● **Task details**
Retyped exactly and without pictures, the lines from the one with "在这款可玩五子棋的游戏,不仅" through the end of the listing must form the entire answer.

**** Materials provided ****

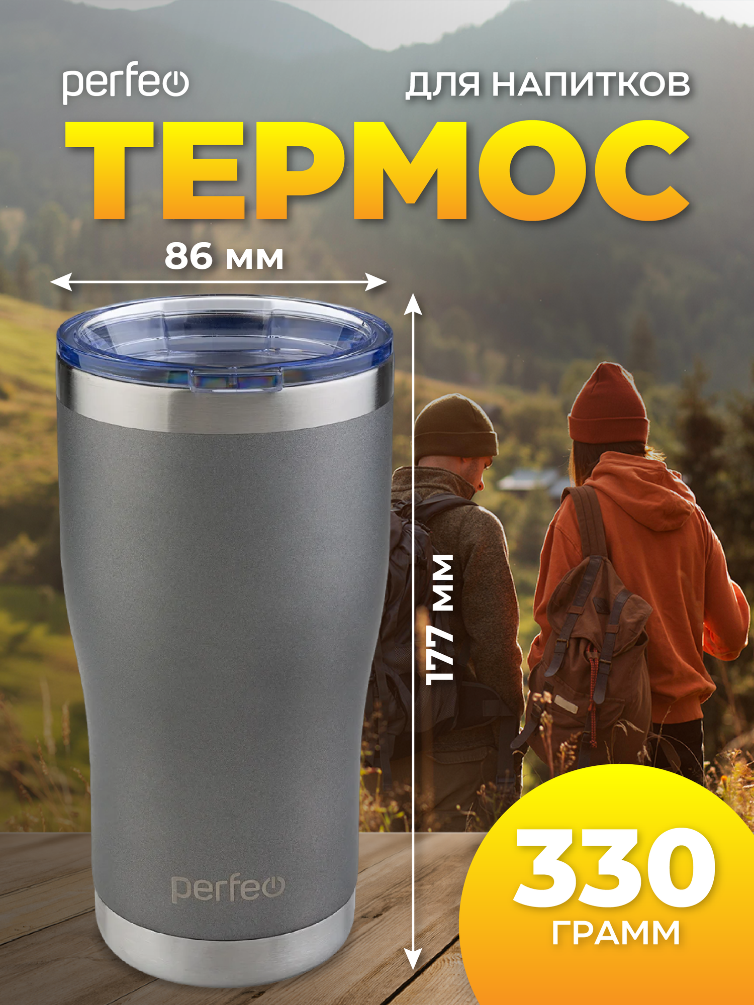 Купить Термокружка PERFEO для напитков с прозрачной крышкой, объем 0,6 л, серый (PF_C3725)
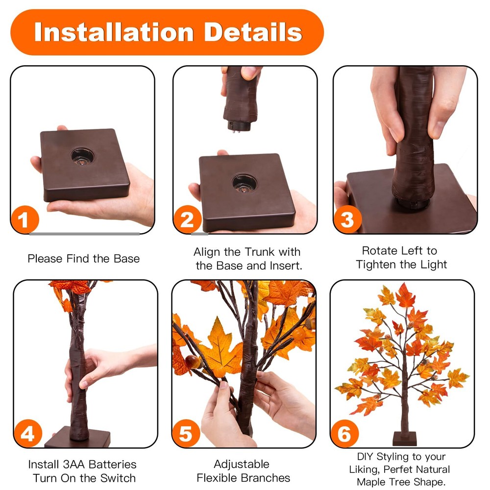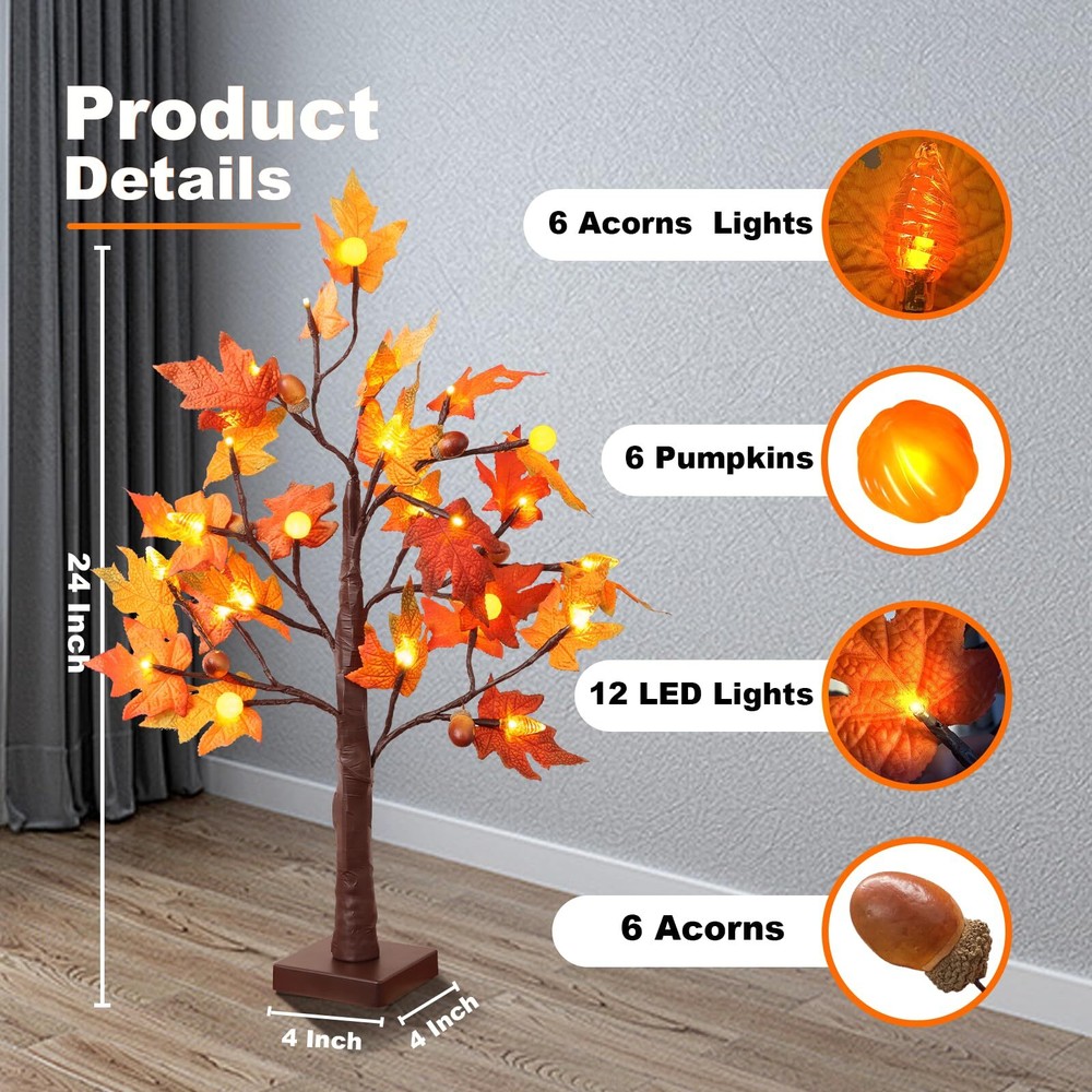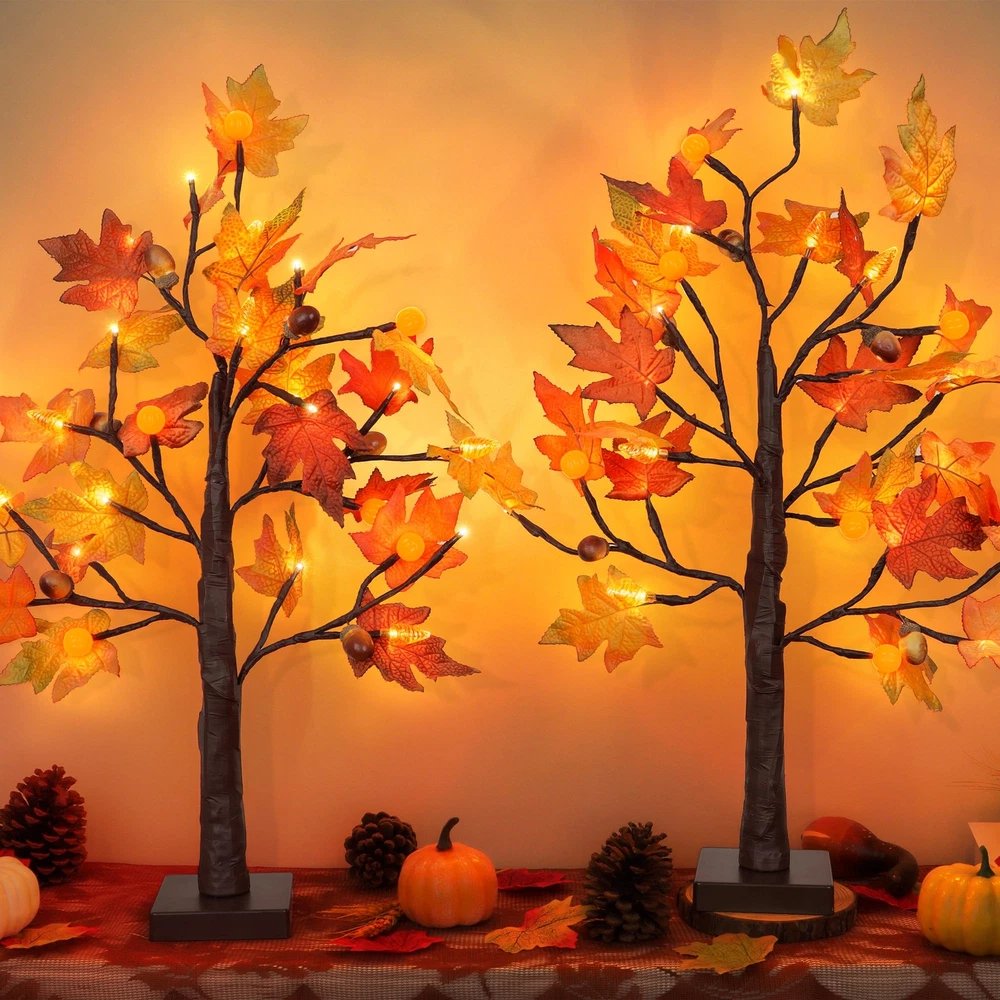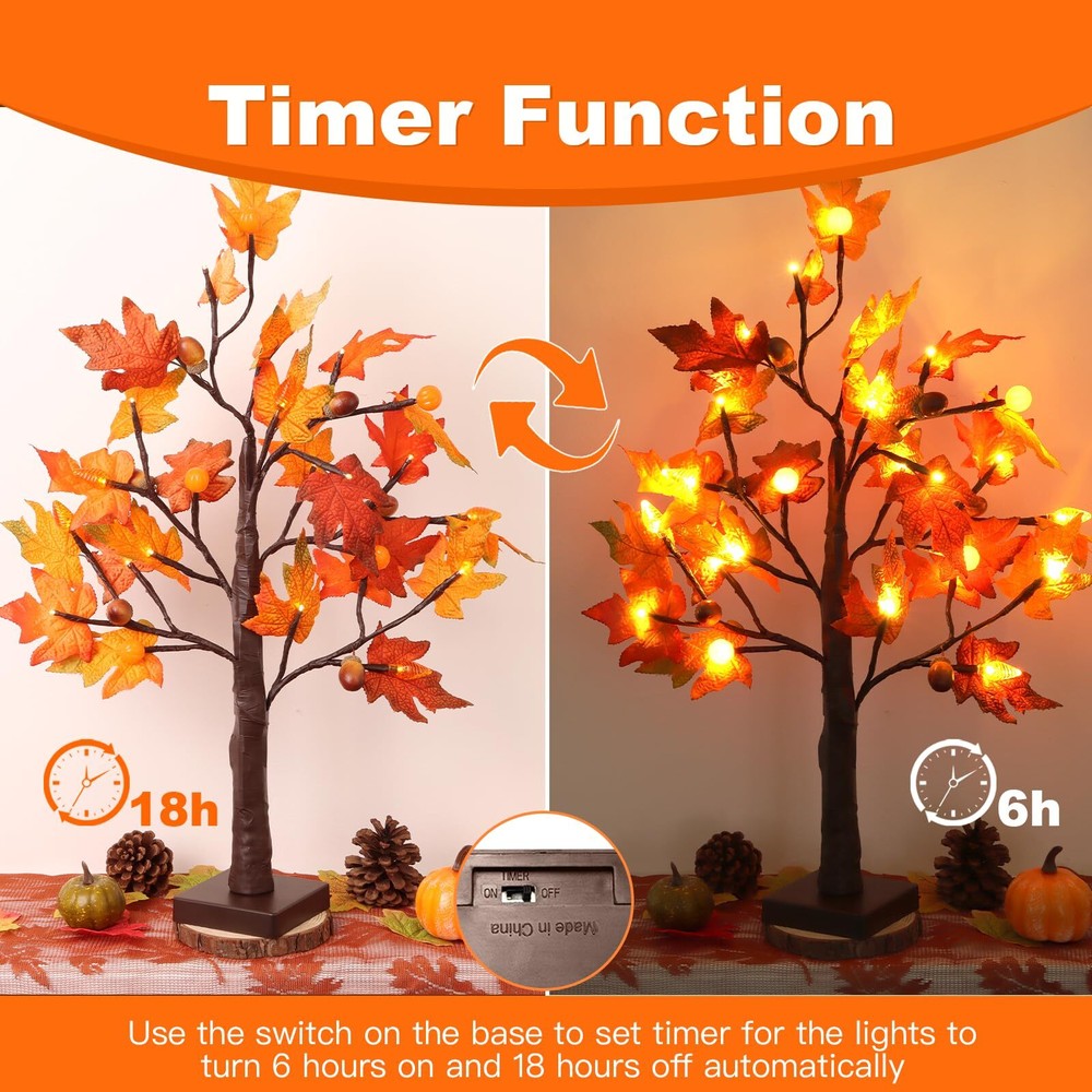 [ Package Include ]: 2 Pack 24 Inch Maple Fall Tree Table Decorations. Each Lighted Maple Tree is equipped with 24 LED lights, 6 acorns, 6 pumpkins & 6 acorns shaped LED, and 24 maple leaf. The acorn and pumpkin shaped LEDs prelit on the branches make the small maple trees full of life, bringing a stronger fall atmosphere to your home. [ Fall Maple Tree with Timer ]: You can use the on/timer/off switches of the battery box base to turn the lights on/off and set a timer, the Fall tree lights will be 6 hours on and 18 hours off per day. [ Adjustable Branches Maple Tree ]: Customize the branches into any shape you like to suit your decorating needs. Easy to install and move, this tree can be reused. The trunk and branches are wrapped in electrical tape for safe use. [ Fall Thanksgiving Decor Home Table Tree ]: Perfect Fall tree decorations for autumn themed decoration, festival, Thanksgiving party. Ideal for home, tabletop, mantel, fireplace, office room, living room, kitchen, balcony, dining table, window and more. [ Battery Powered ]: The Fall tree decor powered by 3AA batteries (Note: Batteries are not included), suitable for any scenario and location. No more worrying about power outlet.
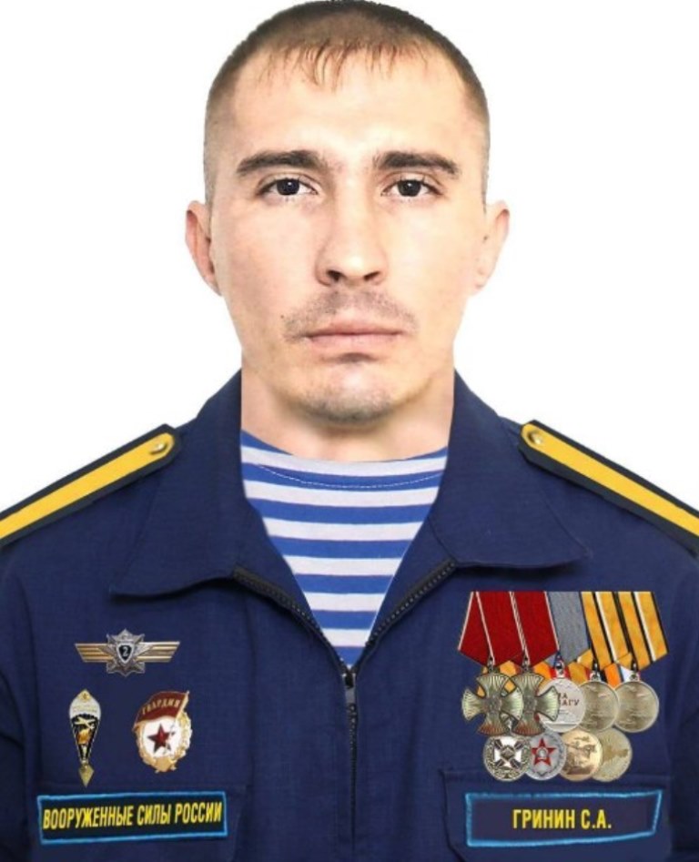 Сергей Гринин заметил пикирующий дрон с боеприпасом и накрыл его собой, чем спас раненого товарища. Тяжелораненый старшина продолжал командовать группой. Заметив противников, Сергей Анатольевич подпустил их к себе, бросил осколочную гранату и уничтожил несколько националистов.
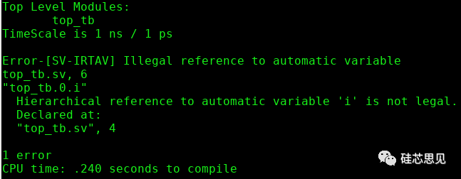 编译错误!示例中,静态变量在声明的同时进行了初始化,此操作应该在仿真开始就执行(静态变量的初始化在仿真开始时进行),而仿真开始时,实际上for循环并没有执行,即此时i还不存在,所以此时编译错误!那么如果将声明和初始化分开是否合适呢?这时仿真结果与将automatic变量j的声明和初始化分开效果一样,即每个线程获得的i的值相同,都是i最后一次循环执行完后的递增值3.
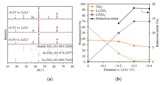 The TiO2 content further decreased to 1.69 wt.% at −0.3 V, which lay under the XRD detection limit (~2%). The Li2TiO3 decreased from 35.7 to 28.3%, while the partial reduction product, LiTiO2, increased from 49.8 to 70.4%. This suggested that both Li2TiO3 and TiO2 were transformed into LiTiO2 at a higher reduction potential (Equation (8)) and TiO2 was more reducible than Li2TiO3. The reduction of Li2TiO3 to LiTiO2 is a reversible reaction [29,30]. As the cathodic reduction potential further increased to −0.4 V vs. Li/Li+, LiTiO2 stayed almost the same, while both TiO2 and Li2TiO3 only changed slightly within the XRD limit.
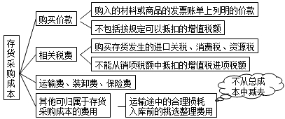 (1)购入的存货,其成本包括:买价、运杂费(包括运输费、装卸费、保险费、包装费、仓储费等)、运输途中的合理损耗、入库前的挑选整理费用以及按规定应计入成本的税费和其他费用。
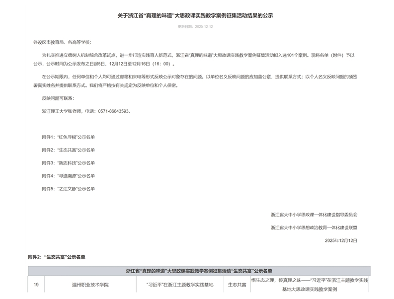 学院2个思政类教育教学案例成功入选浙江省“真理的味道”大思政课实践教学案例征集活动及思政教育教学案例...
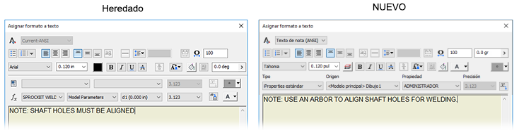 Algunos controles del cuadro de diálogo Asignar formato a texto se consolidan para mejorar el flujo de trabajo y reducir la sobrecarga de la interfaz. No hay cambios de comportamientos.
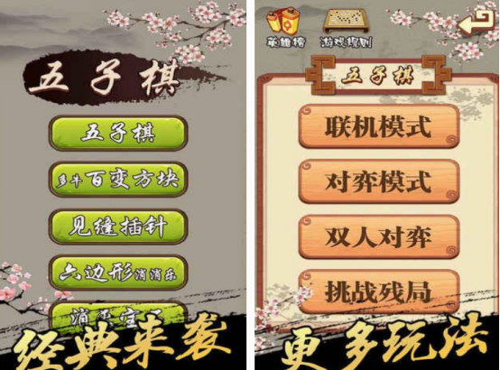 在这款可玩五子棋的游戏,不仅在风格上给大家的感觉历史悠久,更是展开二人对弈的纯策略手游。通过联机模式,可帮助你与好朋友共同玩,因为它还新增好友房,通过邀请身边的好友进行作战的方式。无论两个人在什么样的环境下,都能通过这种方式下五子棋,还支持残局挑战模式以及人机模式等,你可自由的选择。
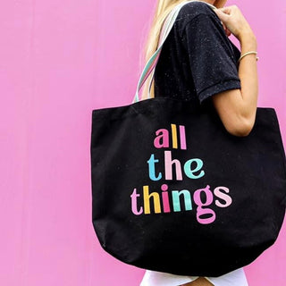 Who doesn’t love an oversized tote? You can fill up this cute canvas bag with literally “All the things” grocery, travel, swim, office, or school related and MORE! This bag is never full, but easy to carry and will be your new favorite go to.

****

● **Exercise output**
 在这款可玩五子棋的游戏,不仅在风格上给大家的感觉历史悠久,更是展开二人对弈的纯策略手游。通过联机模式,可帮助你与好朋友共同玩,因为它还新增好友房,通过邀请身边的好友进行作战的方式。无论两个人在什么样的环境下,都能通过这种方式下五子棋,还支持残局挑战模式以及人机模式等,你可自由的选择。
 Who doesn’t love an oversized tote? You can fill up this cute canvas bag with literally “All the things” grocery, travel, swim, office, or school related and MORE! This bag is never full, but easy to carry and will be your new favorite go to.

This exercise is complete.